LES FAITS

À l’heure des retours de vacances et alors que le déferlement des outils numériques a bouleversé la frontière vie professionnelle/ vie privée, 23 % seulement des cadres affirment se déconnecter en dehors de leur temps de travail, selon une étude Apec, alors que plus de trois quarts pensent que ces outils ont un impact globalement négatif sur leur vie personnelle.

Dans ce cadre, après cinq mois de conflit social, la loi Travail définitivement adoptée et publiée au JO le 9 août 2016 instaure un droit à la déconnexion du salarié. Il s’inspire du rapport remis par Bruno Mettling, directeur général d’Orange chargé des ressources humaines, ayant insisté sur l’importance de trouver des solutions face au danger réel en matière de santé au travail des salariés submergés par la connexion permanente et menacés d’infobésité.
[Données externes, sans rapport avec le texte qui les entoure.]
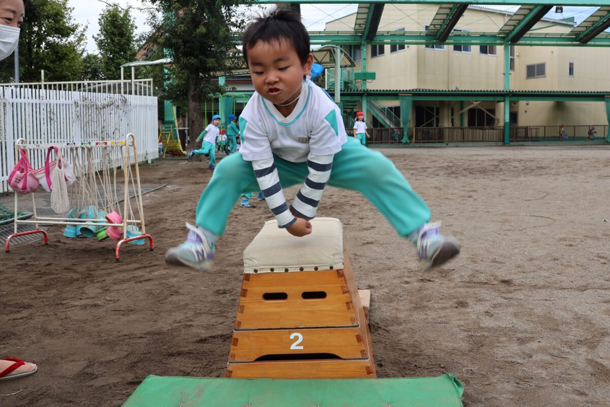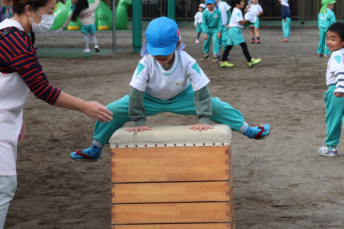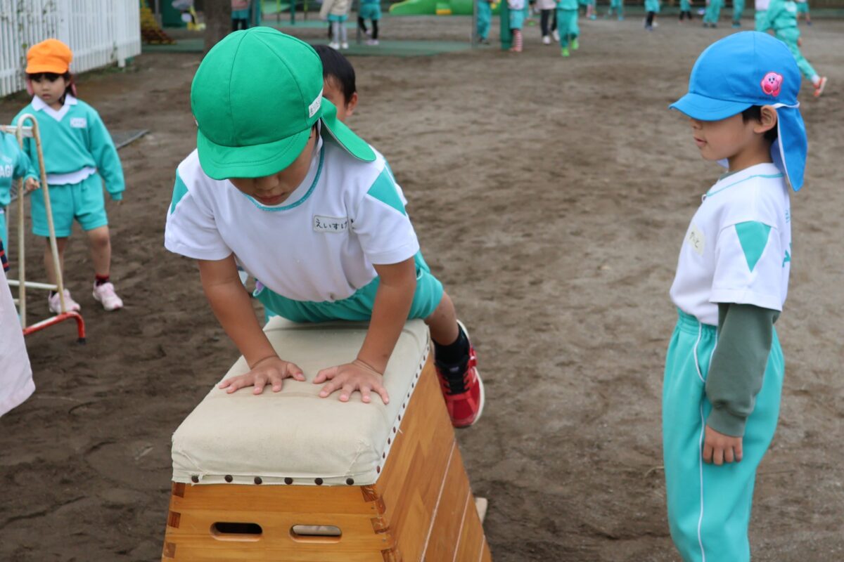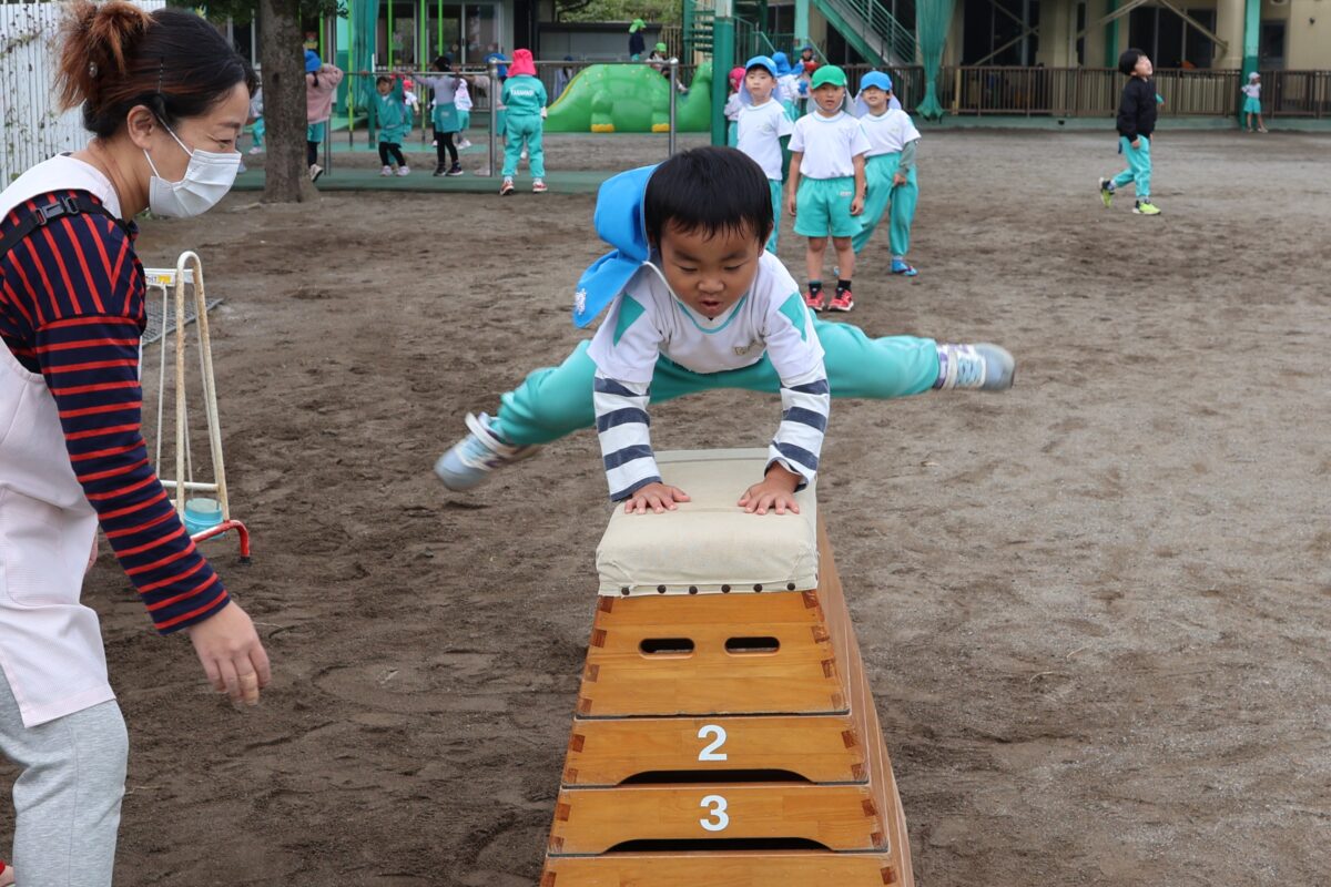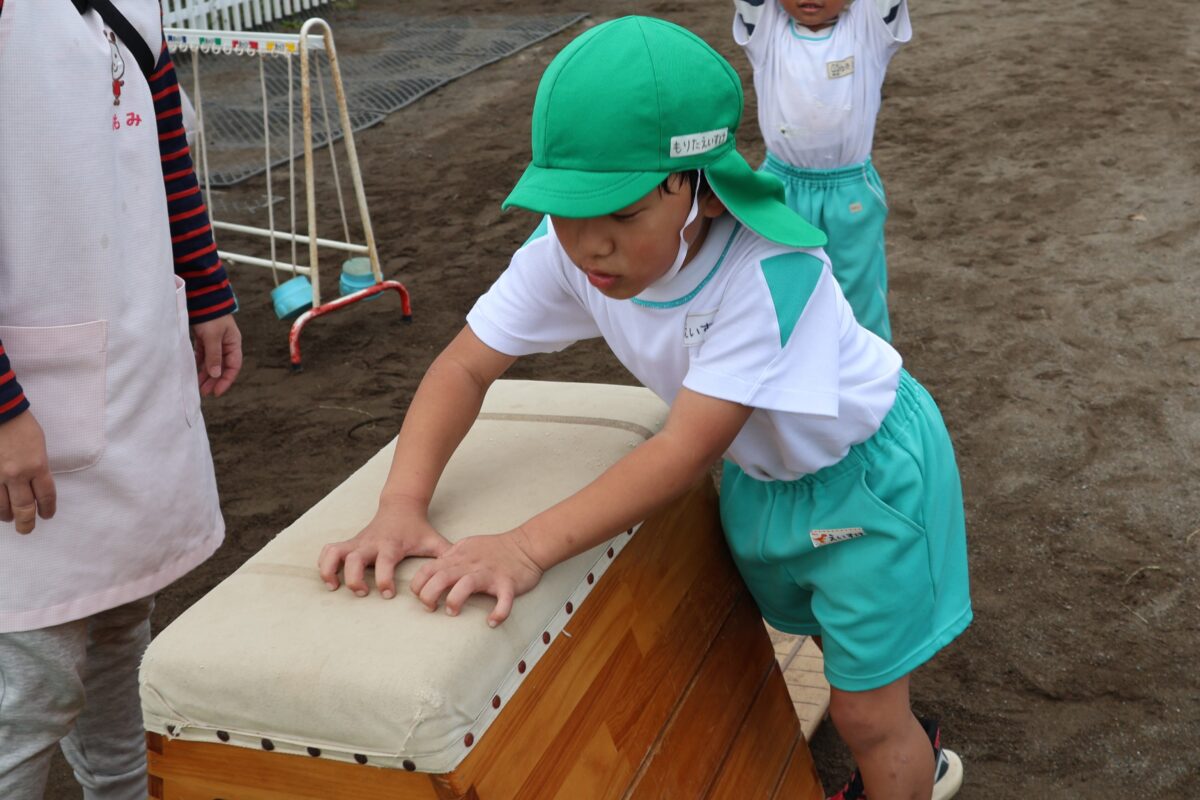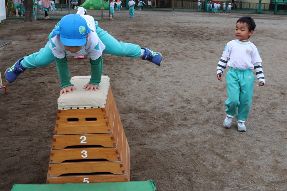①こちらでは跳び箱遊びが始まっています😉みんな足を大きく広げて上手に跳んでいますね🎵 ②しばらくするとみんなで相談をして跳び箱の向きを横から縦に変えました😄 ③向きが変わって跳ぶ距離が長くなった分、跳べるお友達もいますが… ④難しくなってしまったお友達も… ⑤「どうしたら跳べるかな❓❓」というスタッフからの問いかけに、跳べるお友達2人共が「手をもっと先につかないと跳べないよ!!」と教えてくれるのです😊 ⑥教えてもらった通りに手を、より先につくと・・・ ⑦それだけで座る位置に変化がみられました✨ ⑧更にこちらのお友達が言っています。「指がこうやって曲がっているとダメなんだよ!!」 ⑨「もっとパッとしたらいいんだよ!!」 ⑩確かに指を広げる事で体が安定します。 ⑪跳んでいる様子を見てくれていたお友達が、手のつき方を見て「いいね!!」と言っています😄誰かに認めてもらえると嬉しいですね💖 ⑫このように跳ぶ姿を見て、また気付く事があるようです!! ⑬「手をついたら前回りをするみたいにした方が良いよ!!」面白い表現ですが、頭を下げておしりを上げるという事のようです😆もっと体が前にいくように考えてアドバイスをしてくれました✨ ⑭あら❓❓お友達が遠い…自分で考えて助走の距離を変えたのです!! ⑮その結果…いい所まで来ました✨ ⑯あれ❓❓今度は2人で走って来ちゃった~💦間違えているよ!! ⑰そう思っていたのですが、お友達の跳び方を見るために並走していたのです😊「跳びたい!!」という強い気持ちが伝わってきますね🎵 ⑱お友達がついていた手の場所を再確認すると… ⑲先ほどより助走の距離を長くとり、勢いよく走り出しました😉 ⑳横から見ると、あと僅かな事が分かります!! ㉑しばらくすると高さを変えました😲 ㉒3段になった事でこちらの年長さんも縦向きで跳べるようになりました✨汗が流れるほど練習をしたこちらの年長さん。きっと今後5段でも跳べるようになった!!と嬉しい報告も聞こえて来るのではないでしょうか😉

Intégré au chapitre III consacré à l’adaptation du droit du travail à l’ère du numérique, l’article 25 de la loi modifie l’article L.2242-8 du Code du travail. En pratique, cet article dispose que le droit à la déconnexion et ses « modalités du plein exercice par le salarié » ainsi que « la mise en place par l’entreprise de dispositif de régulation de l’utilisation des outils numériques » feront partie des sujets abordés chaque année lors de la négociation obligatoire dans les entreprises sur la qualité de vie au travail, afin « d’assurer le respect des temps de repos et de congés, ainsi que de la vie personnelle et familiale ». L’objectif affiché du droit à la déconnexion relève donc de la protection de la santé des salariés, avec pour finalités l’amélioration de la qualité de vie et l’équilibre entre vie professionnelle et vie personnelle. Conformément à l’esprit général de la loi, la priorité est donnée à la négociation avec les partenaires sociaux. Les entreprises de plus de 50 salariés disposant d’un délégué syndical devront engager une discussion dans le cadre de la négociation annuelle obligatoire. En revanche, il n’y a pas d’obligation de résultat puisqu’à défaut d’accord, il est seulement prévu que ces modalités devront obligatoirement faire l’objet d’une charte élaborée par l’employeur après avis du comité d’entreprise ou, à défaut, des délégués du personnel. Cette charte prévoira notamment la mise en œuvre « d’actions de formation et de sensibilisation à un usage raisonnable des outils numériques », au profit de l’ensemble des salariés. Le droit à la déconnexion doit donc être co-construit entre employeur et salariés.

DES PRATIQUES DE DÉCONNEXION DÉJÀ EXISTANTES

Ce droit à la déconnexion s’inscrit dans la lignée des dispositions déjà mises en œuvre par l’article 4.8.1 de l’accord de branche Syntec du 1er avril 2014. Dans ce cadre, a été négocié et mis en place tout un panel de mesures plus ou moins souples ou contraignantes suivant les entreprises. Parmi les pratiques relevées, citons le blocage des e-mails entre 20h et 7h du matin et le week-end, l’envoi différé d’e-mails passé 19h-20h, un système de contrôle des connexions des cadres à distance le week-end et lors des congés, avec signalement au manager en cas d’excès (groupe Michelin), ou encore l’instauration d’une journée sans mails une fois par mois afin de sensibiliser les salariés et renforcer les échanges directs (notamment PriceMinister, Canon et Sodexo).

 

 

CE QU’IL FAUT RETENIR

Avec l’adoption de la loi Travail, le socle législatif vient renforcer le droit à la déconnexion des salariés. Il est impératif pour les entreprises de mettre en place des instruments de régulation de l’outil numérique en vue de l’entrée en vigueur de ce droit prévue au 1er janvier 2017.